Центурион спешился, подошел к инженеру.

— Ты забываешь, — сказал он, — что здесь под моим командованием находится целая когорта, а если добавить приданные нам вспомогательные отряды, то наберется с пол-легиона. Но это к делу не относится. — Он положил руку на плечо собеседнику, переходя на доверительный тон. — Я ведь из крестьян, кое-что смыслю в технике, разумеется, больше в военной. Это колесо с лопастями напоминает мне водяную мельницу, которую я впервые увидел у нас в Кампанье, когда мы с отцом повезли зерно на помол, да и потом видел не раз в других местах, причем разных конструкций. Но зачем оно здесь, где нет реки, или, как ты возвышенно выражаешься, водяной стихии? И для чего чан?

— Не чан, а котел. Я постараюсь объяснить тебе, как действует это удивительное устройство.

Люди, суетившиеся вокруг, казалось, не замечали их, продолжая заниматься своим делом. Инженер жестом пригласил центуриона присесть на стоявшую рядом каменную скамью, над которой был сооружен соломенный навес.

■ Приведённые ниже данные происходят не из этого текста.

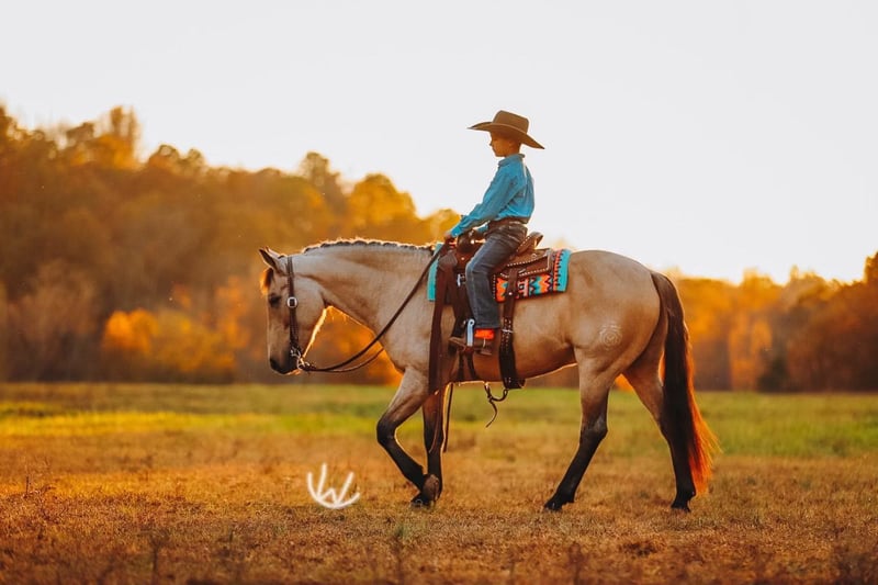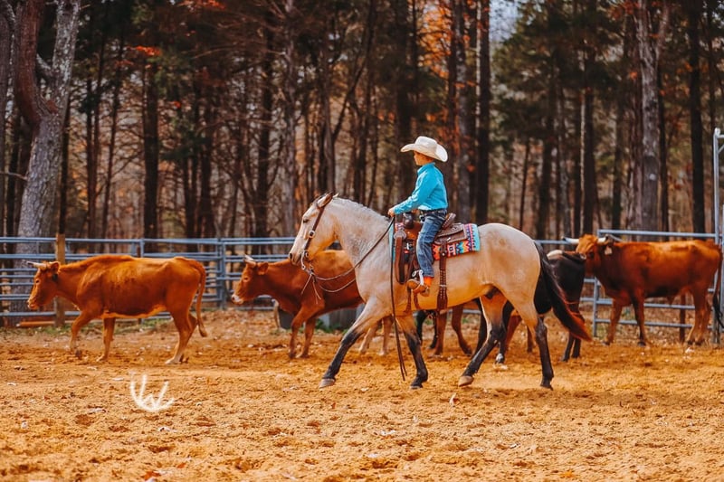 🎁 𝐈𝐍 𝐓𝐈𝐌𝐄 𝐅𝐎𝐑 𝑪𝒉𝒓𝒊𝒔𝒕𝒎𝒂𝒔 🎁 Happening now thru TUESDAY | DECEMBER 9th - Available EXCLUSIVELY on Ponybid's website! For more details and to register visit: www.Ponybid.com CONSIGNOR CONTACT: Rockin W Ponies • Double R Ranch Rachel Vick LOCATION: Lyles TN BREED: Quarter Pony REGISTERED: No COLOR: Buckskin HEIGHT: 52” AGE: 7 GENDER: Gelding Meet Gus! The most incredible buckskin gelding who checks every dream pony box from the moment you see him. At 7 years old and standing 52”, he is the perfect combination of quiet kindness mixed with talent and ability. He is extremely well-broke and rides just like a big horse with real handle, real training, and real feel. He has everything it takes to be the PERFECT all around pony for your child, whether you need a babysitter or a step up pony for your kiddos to excel with and move to the next level, no matter the discipline! He is also big enough to carry a smaller adult, no problem. Gus is as kind and kid-loving as they come. Easy to catch, gentle for little hands to groom, stands quietly for the farrier and vet, loves attention and an occasional snack! He is polite, patient, steady, and the same every ride. With his old soul, and his gentle confidence building nature- it’s easy to see why parents have trusted Gus to help teach their beginners how to ride! Under saddle, Gus is the kind of pony parents dream of finding. You can saddle him, hand the reins to your child, and feel comfortable. He is steady, quiet, dependable, and adjusts perfectly to his rider. He will poke along for timid kids, ride alone or in a group, cross water, step over logs, and stay level headed. When a more advanced kid climbs on, he becomes more responsive, athletic, and ready to work which makes him a rare pony who will grow with your children instead of being outgrown! Gus is extremely well broke and rides with the training of a seasoned ranch horse. He spins, neck reins, moves off your leg, and rides very correct and honest. He has been a turn back pony for cutting and works confidently in sorting and team penning as well. Gus is also an excellent roping pony and has done heeling and steer stopping. He enjoys going after a cow, and will pin his little ears and put his rider right where they need to be. He runs a neat and clean barrel pattern and will settle right back down to any pace if you need him to trot or slow lope the pattern. He is also a wonderful little English pony who jumps willingly, stays balanced, and is easy to guide and ride. He’s so responsive, and watching him trot around neat and proper, will make you smile big. He is truly THE coolest pony and you won’t find any so versatile and genuinely talented at everything! Our buddy Gus is the kind of pony families keep for a lifetime. If Wade didn’t already have a pony this size- Gus would not be for sale. Set your kids up for success with a beautiful buckskin unicorn!! He sells 100 percent sound with a recent clean PPE performed by Dr. John Laster DVM of Todd County Animal Clinic which will be included at the end of the pictures. Located in Lyles TN. Nationwide shipping available- we are happy to help arrange transport. With the recent outbreak of EHV-1, Gus is more than welcome to remain with us until it’s deemed safer to travel! We are also happy to hold Gus here for Santa until Christmas, free of charge! For more information or to schedule a visit, contact Rachel Vick at 931 623 1706.

— В мельнице, о которой ты говоришь, — начал он, — колесо берет силу у речного потока и с помощью зубчатых передач отдает ее мельничному жернову. Иначе говоря, оно выполняет роль двигателя, в то время как жернов выполняет роль рабочего механизма. К слову, его можно заменить любым другим механизмом, например откачивающим воду из рудной шахты или поднимающим ворота в крепостной стене.

Теперь обрати внимание, что в нашей конструкции колесо предназначено служить как раз рабочим механизмом, то есть непосредственно делать для нас какую-то полезную работу. Расположенные на нем лопасти не должны вводить в заблуждение, они сделаны не для того, чтобы отнимать силу у движущейся воды, а для выноса земли на поверхность при рытье котлована — ты увидишь позднее, как это делается. Но где же в таком случае двигатель? — Инженер сделал секундную паузу и, указывая на котел, заключил: — Вот он!

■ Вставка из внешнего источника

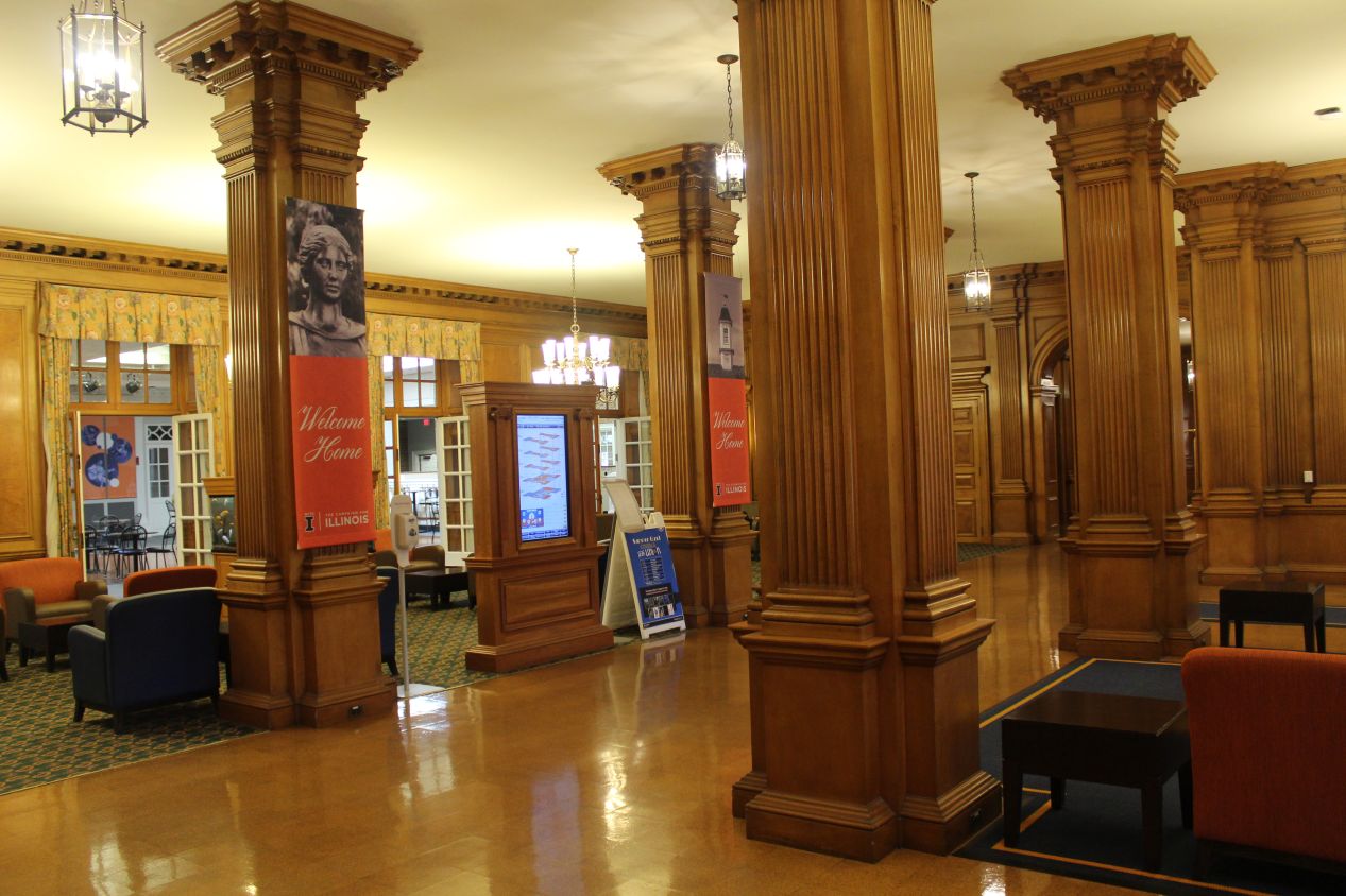 As I continued heading to the south, I came across this stately-looking building. This was the Illini Union, built in the 1940s on the site of the original university hall to serve as a home for student organizations and student activities. The doors were open when I arrived and the interior was surprisingly upscale, with wood paneling decorating the walls and chandeliers hanging from the ceilings. There were large fireplaces at the end of the entry hall that would presumably be lit during the cold winters in central Illinois. It turns out that the Illini Union is also an expensive hotel that caters to prestigious guests of the university. This impression was spoiled somewhat by the college-age student sleeping on one of the fancy-looking couches. Downstairs was also another matter, where the hotel atmosphere gave way to the typical accoutrements of a student union, with fast food restaurants, cafeteria-style seating, an arcade, and a bowling alley. Nonetheless, this was one of the more unusual student union buildings that I've seen due to the presence of that hotel. I didn't expect to find anything quite so chic on the Illinois campus.

— Ты хочешь сказать, что в этом чане… — начал было центурион, но инженер прервал его:

— Именно это я и хочу сказать. В котле с помощью огня, воды и воздуха образуется воистину Геркулесова мощь. Чтобы понять все значение совершающегося в нем таинства, заметь, что до сих пор боги вразумили людей на использование силы воды и воздуха — я имею в виду ветер, надувающий паруса наших кораблей или вращающий крылья ветряных мельниц. Огонь же, если не считать приготовления пищи, служил разрушению и был нашим злейшим недругом. Здесь он впервые приручен и вместе с другими стихиями будет послушно исполнять нашу волю.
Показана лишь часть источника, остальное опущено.